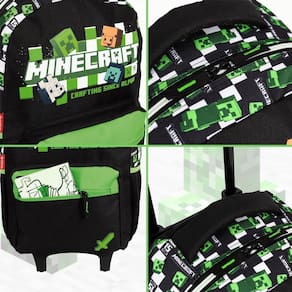 Mochilete Minecraft Creeper Infantil Escolar Passeio - Sestini É hora de embarcar em um universo cheio de boas aventuras com a mochila de rodinhas oficial do Minecraft Os personagens mais famosos do jogo que dominou o mundo estão estampados em todo o tecido. Além do compartimento espaçoso para guardar os cadernos, livros e estojo, o bolso frontal é ideal para levar outros materiais menores. Enquanto isso, as rodinhas permitem uma rotina mais leve e sem esforço para os pequenos exploradores. Características: - Mochila com haste de transporte e carrinho - Bolsos laterais telados - Confeccionada em poliéster - Detalhes em alto relevo e temáticos - Fecho em zíper personalizado - Apoio de descanso em PU - Rodinhas em TPU resistente Especificações: - Marca: Sestini - Material: 100% Poliéster - Tamanho aprox. axlxp : 50cm x 32cm x 20cm - Volume litros : 18L - Peso aprox. gramas : 1000gr Conteúdo da Embalagem: 66288-00 - 1 Mochila de Rodas Minecraft Creeper As cores podem variar entre as imagens mostradas acima e o produto. Imagens meramente ilustrativas. Todas as informações divulgadas são de responsabilidade exclusiva do fabricante. de 90 dias contra defeito de fabricação.
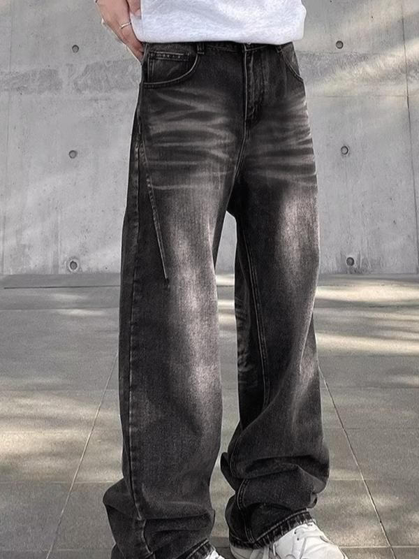 Men’s Vintage Wash Flared Loose Jeans
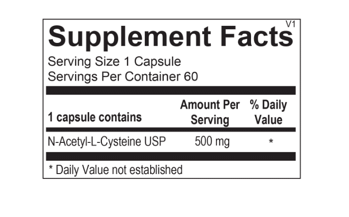 Each capsule of the N-Acetyl Cysteine formulation includes 500 mg of this versatile amino acid.
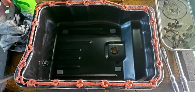 オイルパンの取付けはシールガスケットを塗布して取付けます。
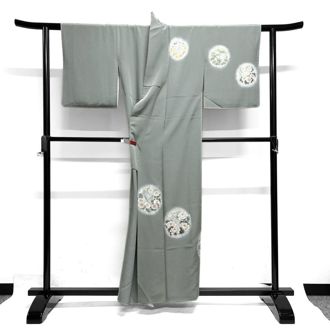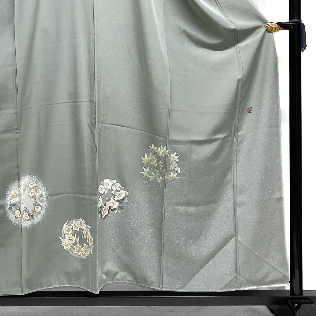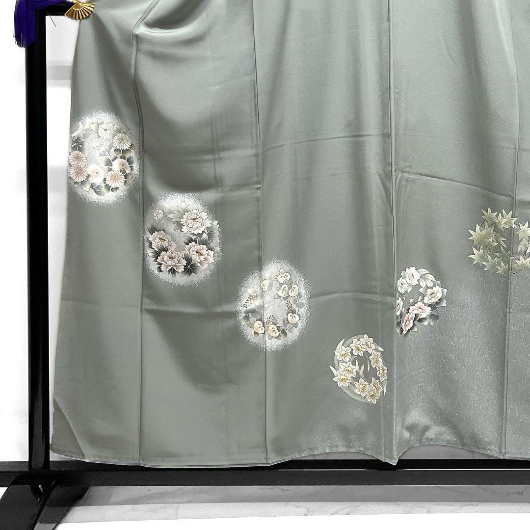 くすんだ薄いグリーンの地に金彩を交えて描かれた様々な花模様の花紋が華やかなデザインの一着です。

> Instructions to follow: Reproduce the whole of the data, word for word, and omit its pictures.

> Problem solution:
 Mochilete Minecraft Creeper Infantil Escolar Passeio - Sestini É hora de embarcar em um universo cheio de boas aventuras com a mochila de rodinhas oficial do Minecraft Os personagens mais famosos do jogo que dominou o mundo estão estampados em todo o tecido. Além do compartimento espaçoso para guardar os cadernos, livros e estojo, o bolso frontal é ideal para levar outros materiais menores. Enquanto isso, as rodinhas permitem uma rotina mais leve e sem esforço para os pequenos exploradores. Características: - Mochila com haste de transporte e carrinho - Bolsos laterais telados - Confeccionada em poliéster - Detalhes em alto relevo e temáticos - Fecho em zíper personalizado - Apoio de descanso em PU - Rodinhas em TPU resistente Especificações: - Marca: Sestini - Material: 100% Poliéster - Tamanho aprox. axlxp : 50cm x 32cm x 20cm - Volume litros : 18L - Peso aprox. gramas : 1000gr Conteúdo da Embalagem: 66288-00 - 1 Mochila de Rodas Minecraft Creeper As cores podem variar entre as imagens mostradas acima e o produto. Imagens meramente ilustrativas. Todas as informações divulgadas são de responsabilidade exclusiva do fabricante. de 90 dias contra defeito de fabricação.
 Men’s Vintage Wash Flared Loose Jeans
 Each capsule of the N-Acetyl Cysteine formulation includes 500 mg of this versatile amino acid.
 オイルパンの取付けはシールガスケットを塗布して取付けます。
 くすんだ薄いグリーンの地に金彩を交えて描かれた様々な花模様の花紋が華やかなデザインの一着です。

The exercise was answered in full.